Выбрать главу

«Пушкин очень часто встречался у меня с сербскими воеводами, поселившимися в Кишинёве, Вучичем, Ненадовичем, Живковичем, двумя братьями Македонскими и пр., доставлявшими мне материалы. Чуть ли некоторые записки Александр Сергеевич не брал от меня, положительно не помню…» Эти строки Липранди писал через сорок шесть лет после той кишинёвской осени. И хотя сверял памятное со своим давнишним дневником, но теперь показания подробнейшего, казалось бы, дневника (даже с многочисленными пометами, что и где с Пушкиным ели и чем запивали), — теперь всё это представлялось неполным, обидно обрывочным, что понуждало употреблять естественную в таких случаях оговорку: «положительно не помню».

Действительно, кое-что он за давностью лет запамятовал, кое-где высказался чересчур категорично. Например, по поводу обстоятельств написания Пушкиным стихотворения «Дочери Карагеоргия».

Поэт, утверждает Липранди, «никогда не видел дочери Карагеоргия», которой в это время к тому же было, по его подсчётам, «не более 6–7 лет». Не видел же её потому, что хотя «мать её, в начале 1820 года, приезжала на некоторое время в Кишинёв», но постоянно здесь с дочерью не жила и «месяца за три до приезда Пушкина, возвратилась в Хотин; Пушкин же, что я знаю положительно, никогда в Хотине не был…». Здесь мемуарист ошибся: во-первых, в Бессарабии после смерти Георгия Чёрного оставались две из четырёх его дочерей, старшая из которых была уже сама вдовою. Сербский биограф Карагеоргия, сообщающий эти сведения, добавляет, что муж Сары — так звали старшую дочь — умер в Хотине в 1816 году. Из другого источника известно, что обе вдовы, мать со старшей дочерью, неоднократно приезжали в 1820 году в Кишинёв по личным своим делам к наместнику Бессарабии, генерал-лейтенанту Инзову, в особняке которого обосновался опальный поэт вскоре по прибытии в город. Словом, Пушкин мог видеть молодую вдову в промежутке между 21 сентября и 5 октября — датой написания «Дочери Карагеоргия». О том же, что стихотворение обращено к старшей дочери, а не к ребёнку, свидетельствует сам его текст:

Гроза луны, свободы воин, Покрытый кровию святой, Чудесный твой отец, преступник и герой, И ужаса людей, и славы был достоин. Тебя, младенца, он ласкал На пламенной груди рукой окровавленной; Твоей игрушкой был кинжал.
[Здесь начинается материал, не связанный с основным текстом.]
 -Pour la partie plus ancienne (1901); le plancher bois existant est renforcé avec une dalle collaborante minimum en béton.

Братоубийством изощренный… Как часто, возбудив свирепой мести жар, Он, молча, над твоей невинной колыбелью Убийства нового обдумывал удар И лепет твой внимал, и не был чужд веселью! Таков был: сумрачный, ужасный до конца. Но ты, прекрасная, ты бурный век отца Смиренной жизнию пред небом искупила: С могилы грозной к небесам Она, как сладкий фимиам, Как чистая любви молитва, восходила.
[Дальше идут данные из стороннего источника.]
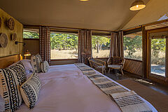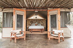 Die Zelte im Little Makalolo Camp sind ein wunderschönes Beispiel für klassisches Safari-Design mit modernem Komfort. Insgesamt gibt es sechs geräumige Zelte, darunter ein Familienzelt, die alle auf erhöhten Holzplattformen stehen und einen herrlichen Blick in die weite Savanne bieten. Jedes Zelt verfügt über ein en-suite Badezimmer mit Innen- und Außendusche, Solarstrom, bequeme Betten mit feiner Bettwäsche und liebevolle Details.
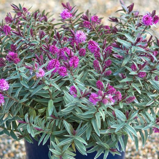 Cette véronique arbustive est originale par son feuillage panaché de blanc gris et de prune. Ses feuilles persistantes sont fines et longues. Elles composent un feuillage dense disposé sur des branches légèrement arquées formant un coussin natutellement rond. Pour garder sa forme, la plante n'a pas besoin d'être taillée. Le feuillage s'éclaircit avec les chaleurs de l'été et se fonce pour mieux marquer les nervures à l'automne et en hiver.

Конечно, эти строки, сразу видно (сразу бы увидел и Липранди, перечитай он стихотворение), обращены не к ребенку «6–7 лет». Возраст слишком малый, недостаточный, чтобы «смиренной жизнью» искупить «бурный век отца». Для такого искупления понадобилась жизнь сознательная, духовно-деятельная. Понадобилась осмысленная «чистая любви молитва». Дочь, во мнении поэта, встаёт вровень с великим своим отцом и в чём-то существенном как личность даже превосходит его, потому что осознанным подвигом смирения и любви ходатайствует за отца, искупает его страшные деяния…

Какой необычный для молодого Пушкина женский образ, удивимся мы. Какой решительный порыв к новому пониманию женской красоты — не внешней «прелести», но красоты сокровенной, целомудренно-чистой; порыв к тому идеалу женского естества, который будет отныне реять перед Пушкиным до конца его дней — то в облике «гения чистой красоты», то в образе Татьяны, то в лике мадонны.

Да и всё это стихотворение в целом — порыв в совершенно новую для поэта реальность, настолько ещё странную, неосвоенную, что он будто замирает на полпути. Какие загадочно-величественные — хочется добавить: преувеличенные — образы, какая вдруг малопривычная для Пушкина сумрачная и вместе с тем торжественная живопись!

Карагеоргий для него одновременно «преступник и герой», достойный ужаса и восхищения. Не этот ли самый принцип изображения разовьется затем в характеристике Петра из «Полтавы»: «Лик его ужасен. Движенья быстры. Он прекрасен. Он весь, как божия гроза…»

Ощущается громадность впечатления, произведенного личностью Георгия Чёрного на поэта. И может быть, некоторая растерянность руки, неспособность пока что передать эти впечатления без помощи чрезмерных образов, расплывающихся в своих мрачных очертаниях. Поэт как бы зачарован этим безгласным пока видением. Пушкину понадобятся годы, чтобы это самому себе внушённое наваждение рассеялось, и он узрел иного Георгия Чёрного — в человеческой плоти, твёрдо стоящего на земле.